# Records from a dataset

════════════════

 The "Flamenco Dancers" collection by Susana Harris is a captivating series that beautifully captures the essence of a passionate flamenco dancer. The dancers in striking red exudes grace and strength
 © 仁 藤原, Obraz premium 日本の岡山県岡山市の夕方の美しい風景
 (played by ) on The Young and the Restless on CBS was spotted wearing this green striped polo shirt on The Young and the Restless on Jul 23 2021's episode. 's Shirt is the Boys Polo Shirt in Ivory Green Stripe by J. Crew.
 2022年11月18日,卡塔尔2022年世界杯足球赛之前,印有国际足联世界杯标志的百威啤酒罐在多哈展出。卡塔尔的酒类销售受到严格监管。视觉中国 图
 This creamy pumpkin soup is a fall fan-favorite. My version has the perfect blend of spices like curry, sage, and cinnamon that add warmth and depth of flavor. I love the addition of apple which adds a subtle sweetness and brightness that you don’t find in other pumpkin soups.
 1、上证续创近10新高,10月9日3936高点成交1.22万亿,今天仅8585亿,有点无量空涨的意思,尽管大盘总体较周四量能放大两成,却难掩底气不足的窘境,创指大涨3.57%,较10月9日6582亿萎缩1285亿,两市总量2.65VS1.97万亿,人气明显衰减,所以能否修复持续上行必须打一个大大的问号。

════════════════

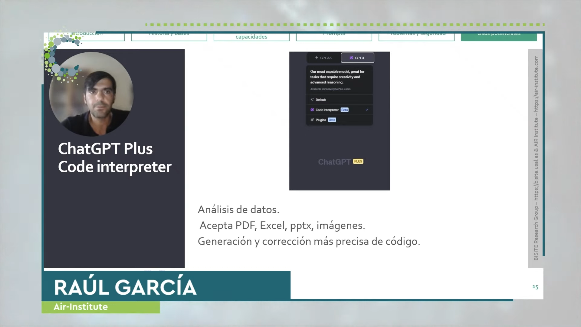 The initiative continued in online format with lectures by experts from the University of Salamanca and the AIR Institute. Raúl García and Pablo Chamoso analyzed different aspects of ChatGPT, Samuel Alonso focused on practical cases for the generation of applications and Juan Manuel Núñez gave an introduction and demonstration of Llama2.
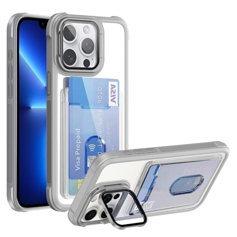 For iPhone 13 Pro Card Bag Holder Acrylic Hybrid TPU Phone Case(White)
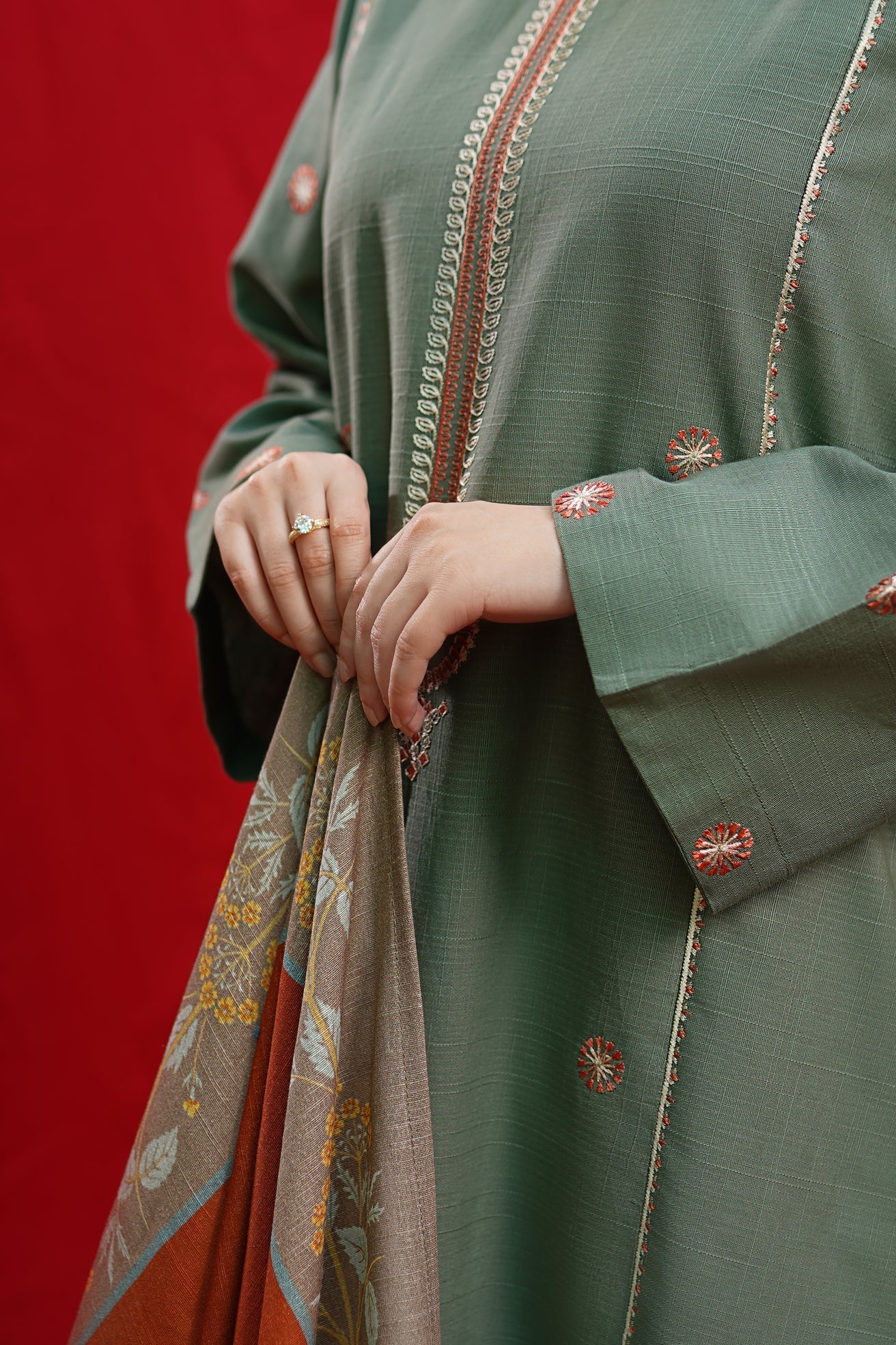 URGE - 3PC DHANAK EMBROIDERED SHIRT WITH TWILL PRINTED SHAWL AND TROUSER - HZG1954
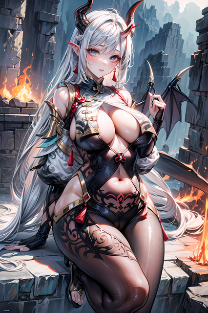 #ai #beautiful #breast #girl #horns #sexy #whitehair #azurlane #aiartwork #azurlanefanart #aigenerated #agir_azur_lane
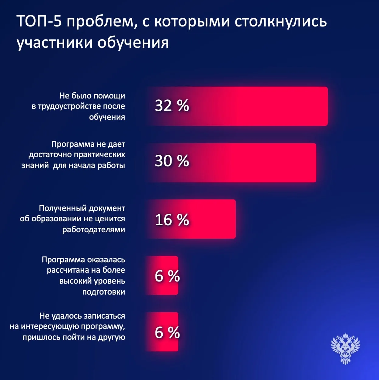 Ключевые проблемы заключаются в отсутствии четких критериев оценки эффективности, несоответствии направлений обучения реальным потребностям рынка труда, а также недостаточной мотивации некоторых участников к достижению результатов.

════════════════

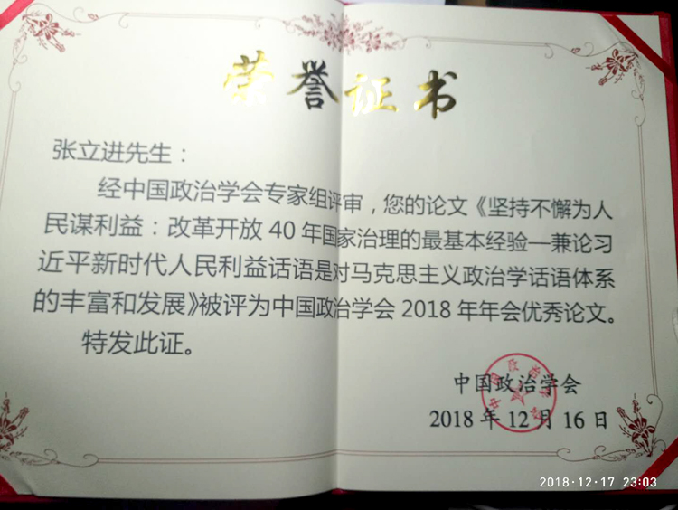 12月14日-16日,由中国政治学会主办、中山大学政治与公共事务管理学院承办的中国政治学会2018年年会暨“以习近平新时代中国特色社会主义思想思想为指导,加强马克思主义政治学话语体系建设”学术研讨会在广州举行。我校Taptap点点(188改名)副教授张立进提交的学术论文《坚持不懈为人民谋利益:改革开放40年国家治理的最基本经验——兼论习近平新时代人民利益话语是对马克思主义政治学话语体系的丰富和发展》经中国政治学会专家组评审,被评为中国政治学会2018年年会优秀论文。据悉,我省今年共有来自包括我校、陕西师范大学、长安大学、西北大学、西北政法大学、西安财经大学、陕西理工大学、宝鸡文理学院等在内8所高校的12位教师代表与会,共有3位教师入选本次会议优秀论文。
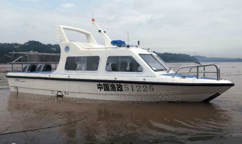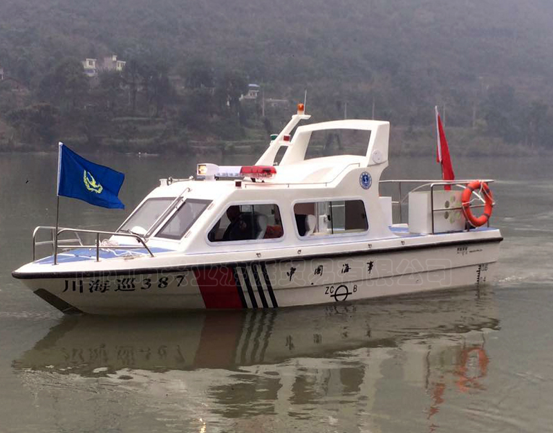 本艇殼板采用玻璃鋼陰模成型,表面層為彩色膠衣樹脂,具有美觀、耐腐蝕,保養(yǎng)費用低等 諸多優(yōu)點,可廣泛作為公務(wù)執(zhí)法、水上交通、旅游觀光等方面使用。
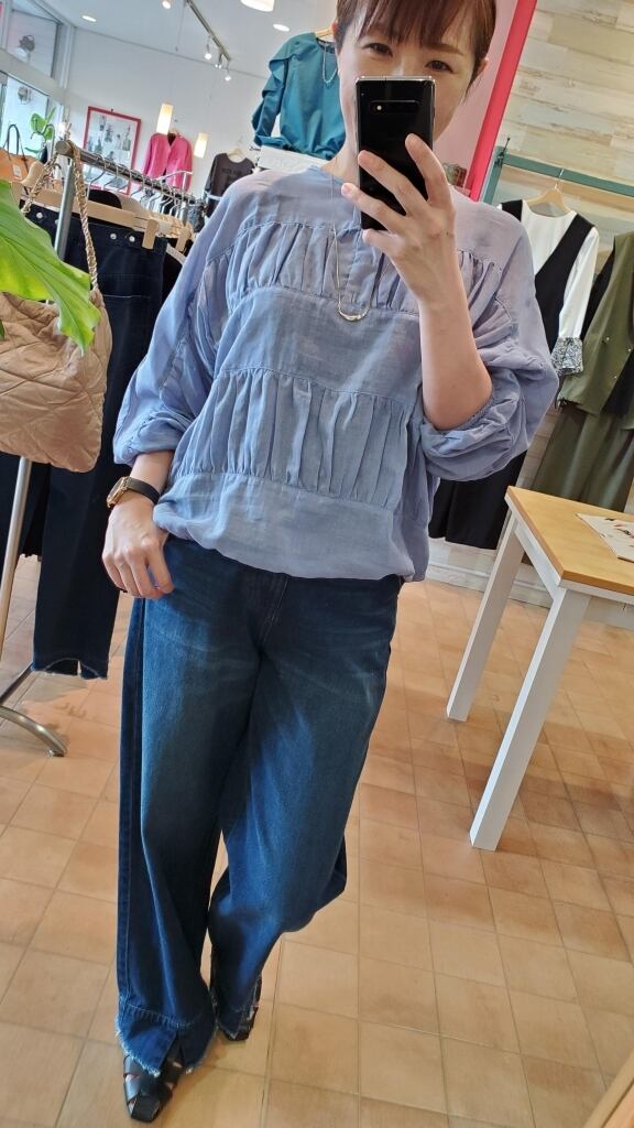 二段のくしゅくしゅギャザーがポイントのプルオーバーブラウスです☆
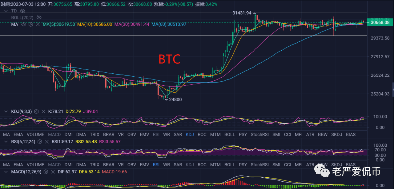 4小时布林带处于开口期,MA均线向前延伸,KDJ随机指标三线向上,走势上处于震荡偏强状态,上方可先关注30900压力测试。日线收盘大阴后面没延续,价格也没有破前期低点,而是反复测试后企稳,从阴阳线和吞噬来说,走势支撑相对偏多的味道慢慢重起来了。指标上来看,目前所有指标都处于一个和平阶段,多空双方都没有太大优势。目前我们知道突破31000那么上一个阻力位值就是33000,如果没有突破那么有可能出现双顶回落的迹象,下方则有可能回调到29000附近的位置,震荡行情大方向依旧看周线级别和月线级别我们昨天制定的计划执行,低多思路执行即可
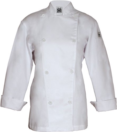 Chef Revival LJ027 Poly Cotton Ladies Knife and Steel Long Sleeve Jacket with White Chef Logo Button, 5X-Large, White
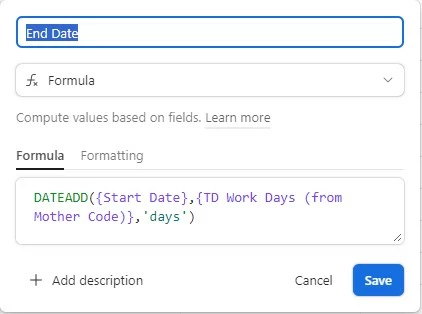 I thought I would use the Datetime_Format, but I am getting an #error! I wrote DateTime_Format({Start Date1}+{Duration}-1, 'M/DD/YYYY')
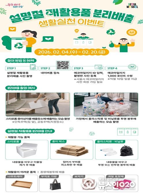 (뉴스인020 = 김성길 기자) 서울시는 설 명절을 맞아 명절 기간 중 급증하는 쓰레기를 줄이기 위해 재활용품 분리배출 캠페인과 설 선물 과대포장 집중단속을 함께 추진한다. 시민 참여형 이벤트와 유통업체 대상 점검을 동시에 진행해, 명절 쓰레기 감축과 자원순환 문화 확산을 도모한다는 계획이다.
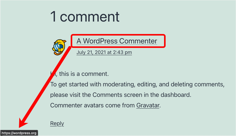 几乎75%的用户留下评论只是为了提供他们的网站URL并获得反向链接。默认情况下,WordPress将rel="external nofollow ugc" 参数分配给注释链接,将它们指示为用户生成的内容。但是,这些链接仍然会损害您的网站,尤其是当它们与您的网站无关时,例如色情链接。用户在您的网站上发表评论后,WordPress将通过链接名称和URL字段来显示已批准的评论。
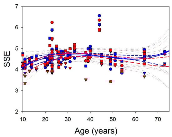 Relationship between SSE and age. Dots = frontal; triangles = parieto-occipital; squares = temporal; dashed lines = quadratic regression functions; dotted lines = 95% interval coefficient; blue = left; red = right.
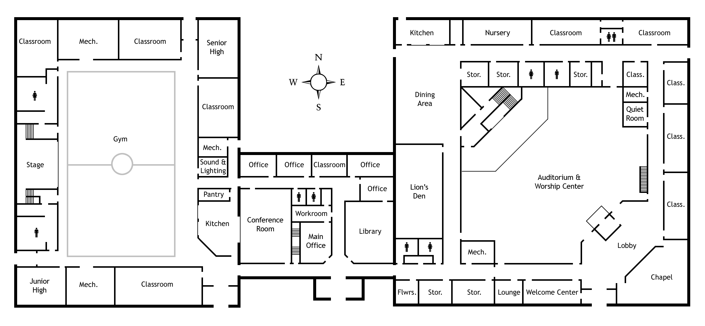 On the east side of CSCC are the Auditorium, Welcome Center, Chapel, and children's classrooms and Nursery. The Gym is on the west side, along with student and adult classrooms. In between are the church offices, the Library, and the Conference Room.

════════════════

# What you need to do
In the records above, the line with "grace and strength" marks the start and the line with "2022年11月18日,卡塔" marks the end; copy that stretch exactly, both lines included, and nothing else.

# Response to the task
 The "Flamenco Dancers" collection by Susana Harris is a captivating series that beautifully captures the essence of a passionate flamenco dancer. The dancers in striking red exudes grace and strength
 © 仁 藤原, Obraz premium 日本の岡山県岡山市の夕方の美しい風景
 (played by ) on The Young and the Restless on CBS was spotted wearing this green striped polo shirt on The Young and the Restless on Jul 23 2021's episode. 's Shirt is the Boys Polo Shirt in Ivory Green Stripe by J. Crew.
 2022年11月18日,卡塔尔2022年世界杯足球赛之前,印有国际足联世界杯标志的百威啤酒罐在多哈展出。卡塔尔的酒类销售受到严格监管。视觉中国 图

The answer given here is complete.